Working in small groups or pairs, complete the following exercises.
First, introduce yourself briefly to the people at your table (or in your group). Decide a name for your table/group. Now imagine that you and your group mates are working together in a company as data analysts and you received the following data set:
id | age | marital | education | job | balance | day | month | duration |
---|---|---|---|---|---|---|---|---|
1 | 44 | married | secondary | blue-collar | 16178 | 21 | nov | 297 |
2 | 88 | married | secondary | admin. | 330 | 2 | dec | 357 |
3 | 36 | divorced | secondary | blue-collar | 853 | 20 | jun | 15 |
4 | 25<= | single | secondary | technician | 616 | 28 | jul | 117 |
5 | 33 | single | secondary | services | 310 | 12 | m | 54 |
6 | 37 | married | tertiary | management | 0 | 16 | jul | -268 |
7 | 42 | married | tertiary | management | 1205 | 15 | mar | 129 |
8 | 43 | married | secondary | blue-collar | 130 | 5 | may | 156 |
9 | 58 | married | primary | u | 99999 | 26 | aug | 168 |
10 | 41 | married | secondary | admin. | 3634 | 14 | may | 216 |
11 | 0 | married | primary | management | 92 | 2 | feb | 447 |
12 | 34 | single | secondary | services | 528D | 2 | sep | 121 |
13 | 28 | single | secondary | admin. | 350 | 19 | may | 5 |
14 | 58 | widowed | tertiary | management | 136 | 8 | jul | 199 |
15 | 34 | married | unknown | blue-collar | 41 | 6 | may | 34 |
The dataset is randomly sampled from bank marketing data and manipulated for the purpose of the task which is located at UCI Machine Learning Repository https://archive.ics.uci.edu/ml/datasets/Bank+Marketing containing the variables:
id
: Customer ID number
age
: Numerical variable
marital
: Categorical variable with
three levels (married,single,divorced where widowed counted as
divorced)
education
: Categorical variable with
three levels (primary, secondary, tertiary)
job
: Categorical variable containing
type of jobs
balance
: Numerical variable, balance in
the bank account
day
: Numerical variable, last contacted
month of the day
month
: Categorical variable, last
contacted month
duration
: Numerical variable, duration
of the contact time
Identify possible problems/errors in this data set. Collaboratively decide three major problems/errors that would be most problematic for your data analysis.
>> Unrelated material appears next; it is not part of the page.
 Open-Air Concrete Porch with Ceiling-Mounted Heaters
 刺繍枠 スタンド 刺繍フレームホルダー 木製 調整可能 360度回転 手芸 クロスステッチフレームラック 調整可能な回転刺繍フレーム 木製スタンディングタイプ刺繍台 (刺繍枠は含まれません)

Post your group’s opinion on discussion board. Don’t forget to read and comment on other groups’ responses.
swirl
The swirl
package (you can read more on
swirl
project here )
teaches you R programming interactively, at your own pace, and right in
the R console! You will use swirl in class to complete “R
Programming - Basic Building Blocks” course.
In order to run swirl, you must have R 3.1.0 or later installed on your computer. In addition to R, it’s highly recommended that you install RStudio, which will make your experience with R much more enjoyable. If you need to install RStudio, you can do so here by selecting the appropriate installer for your operating system.
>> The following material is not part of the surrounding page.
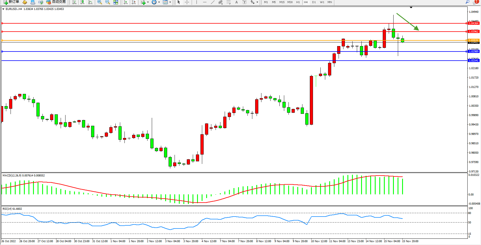 欧元美元EURUSD—4小时K线图显示:

Open RStudio (I assume you have already installed R and RStudio).
Install swirl
by typing the following into the
console:
install.packages("swirl")
swirl
.library(swirl)
install_course("R Programming E")
swirl()
When swirl opens a session, you will enter your name and make a course selection. Select “1: Basic Building Blocks” topic by typing 1 in the console.
Follow the instructions and complete the Basic Building Blocks course. Don’t rush, you will have plenty of time to complete it.
If you have finished the above tasks, work through the weekly list of tasks posted on the Canvas announcement page.